To inculcate those virtues, to correct the ignoble excess of a noble feeling to which I have referred, I know of no teachers so powerful and persuasive as the little army of specialists. They carry no banners. They beat no drums. But where they are, men learn that bustle and push are not the equals of quiet genius and serene mastery. They compel others who need their help or who are enlightened by their teaching, to obedience and respect. They set the example themselves. For they furnish in the intellectual world a perfect type of the union of democracy with discipline. They bow to no one who seeks to impose his authority by foreign aid. They hold that science like courage is never beyond the necessity of proof, but must always be ready to prove itself against all challengers. But to one who has shown himself a master they pay the proud reverence of men who know what valiant combat means and who reserve the right of combat against their leader even, if he should seem to waver in the service of truth, their only queen.
In the army of which I speak the lawyers are not the least important corps. For all lawyers are specialists. Not in the narrow sense in which we sometimes use the word in the profession, of persons who confine themselves to a particular branch of practice, such as conveyancing or patents, but specialists who have taken all law to be their province; specialists because they have undertaken to master a special branch of human knowledge - a branch, I may add, which is more immediately connected with all the highest interests of man than any other which deals with practical affairs.

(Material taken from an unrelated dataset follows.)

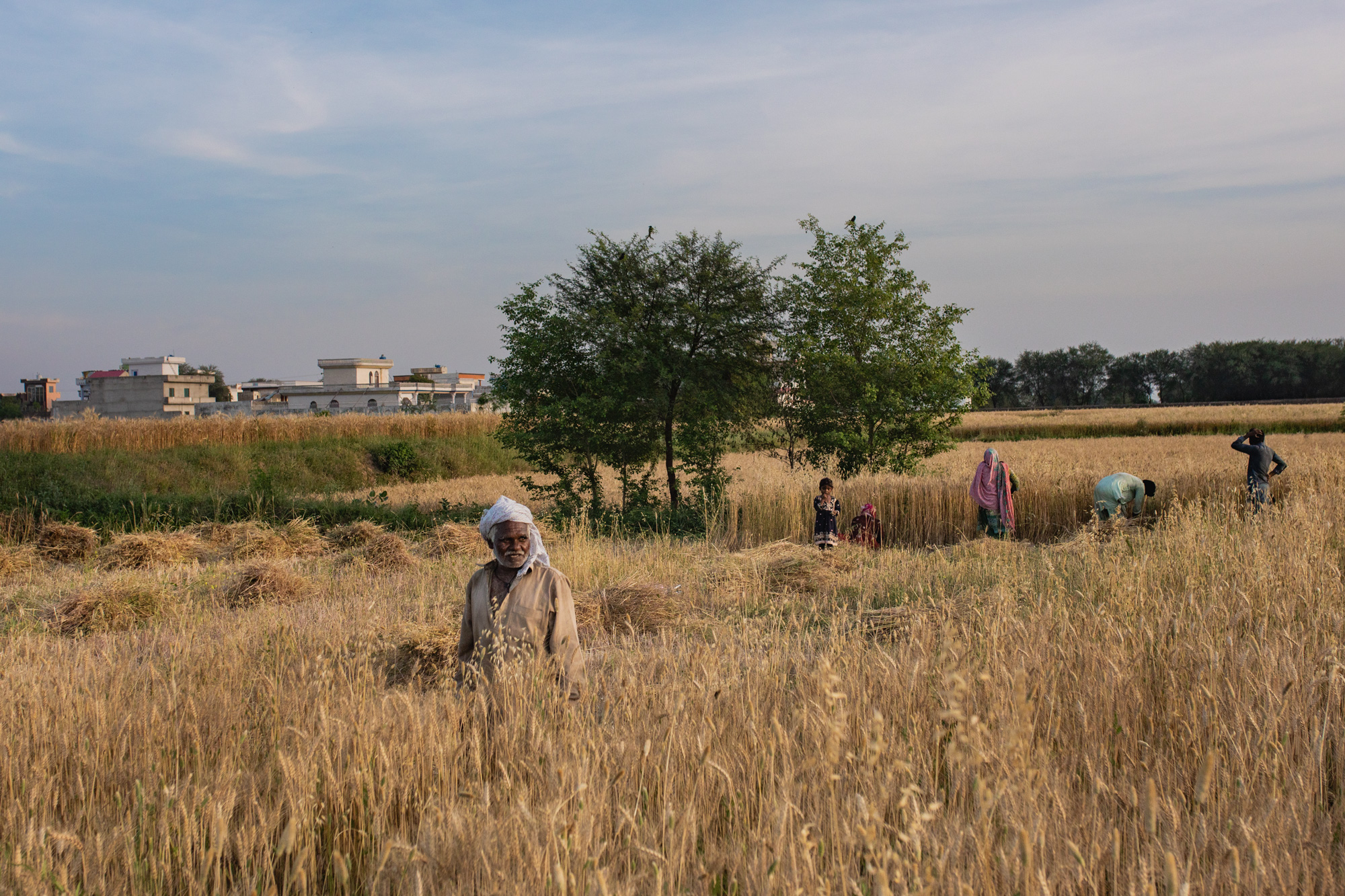 Pero no me he adentrado en el trigo que rodea todas las ciudades de este distrito. Así que lo hago. Me meto en un campo de espigas. No tengo que caminar demasiado para encontrarme con un agricultor de piel negrísima, castigada por el sol. Es un hombre mayor. Dice que se llama Afzal. Me cuesta comunicarme con él, su punyabi es difícil de entender. Lo saludo pero no lo entiendo. El periodista pakistaní que me acompaña, Sabookh Syed, me hace de traductor.

Lawyers, too, were among the first specialists to be needed and to appear in America. And I believe it would be hard to exaggerate the goodness of their influence in favor of sane and orderly thinking. But lawyers feel the spirit of the times like other people. They like others are forever trying to discover cheap and agreeable substitutes for real things. I fear that the bar has done its full share to exalt that most hateful of American words and ideals - smartness - as against dignity of moral feeling and profundity of knowledge. It is from within the bar, not from outside, that I have heard the new gospel that learning is out of date and that the man for the times is no longer the thinker and the scholar, but the smart man unencumbered with other artillery than the latest edition of the digest and the latest revision of the statutes.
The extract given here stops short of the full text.